All because you refuse believe in all the “real stuff”, like the tomorrow which hasn’t come or the “statistics” which are just numbers on paper. No. Instead, you’re just standing there looking at a real physical man, lying in a real physical bed, and telling him, as Jesus did, to get up and walk.
That’s faith.
Faith is being a realist. Faith is not being afraid of the ghosts in your head. Faith is acting as though God is looking out for you, even when you don’t see it. As Saint Paul said, we walk by Faith and not by Sight, because we have fallen, and part of what we have fallen into is Time. Out of Eternity. Into an illusion.
That is how, as again Saint Paul said, the heroes of the faith walked through furnaces, and shut the mouths of lions and conquered empires, and slew giants.

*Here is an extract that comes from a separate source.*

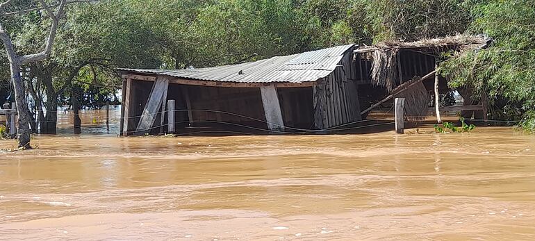 La inundación afectó a 25 viviendas construidas en la isla San Pablo que se encuentra a unos 1.500 metros del vertedero del brazo Aña Cua de la Entidad Binacional Yacyretá (EBY); siete ya fueron derribadas por la fuerza del agua.

Because they never believed the illusions that said it wasn’t possible. That’s the metaphysics of Faith. That’s why God asks us to have it. It’s not an arbitrary request but rather asking us to come back up out of our fallen state. The one haunted by so many imaginary ghosts. “You are not in danger.” God says. “You will not starve to death. You will not be homeless. You will not die. There are no lions and, if there ever are, I will calm them. Believe in me. Love me. Trust me. Look around. You are actually lying in bed on a pillow with an iced tea. My child even death is an illusion and nothing whatsoever to fear.”
But…
Maybe you’re not ready for that. And that’s okay too. Just know that, when you make a decision out of fear, out of anxiety… when you bow down to Babylon’s idols… you are in some real sense consenting to Babylon’s authority over you. Giving yourself to Nebuchadnezzar instead of God. When you do that you place yourself outside of God’s protection. Outside his jurisdiction. That’s not to say God isn’t still watching out for you but when you choose not to have faith you have, on some level, made a deal with the Devil.
And the Devil don’t play.
And so I ask you to really examine your life and all the bad and negative things that have happened within it. How much of those things were, if you are honest, a result of your acting out of fear instead of faith? And how many might have been turned to good if you’d likewise approached each circumstance with confidence and virtue, instead of anxiety and vice?
I know in my case the answer to both is “More than I’d like to admit.”
Go with God and fear nothing. For every fear is an illusion, even the fear that you will fail.
Amor Vincit Omnia.
Jesus said,
"Truly, truly, I say to you, whoever believes in me will also do the works that I do; and greater works than these will he do". John 14:12. He meant that literally.
It is interesting that we "know" that there is a future, but we don't actually know the future. Its just enough certainty to be uncertain. We seem to be designed to detect patterns and learn, which can be used for good. But we can also learn to try and avoid even the chance of pain or even the chance of suffering, while ultimately missing out on the chance for positive experiences.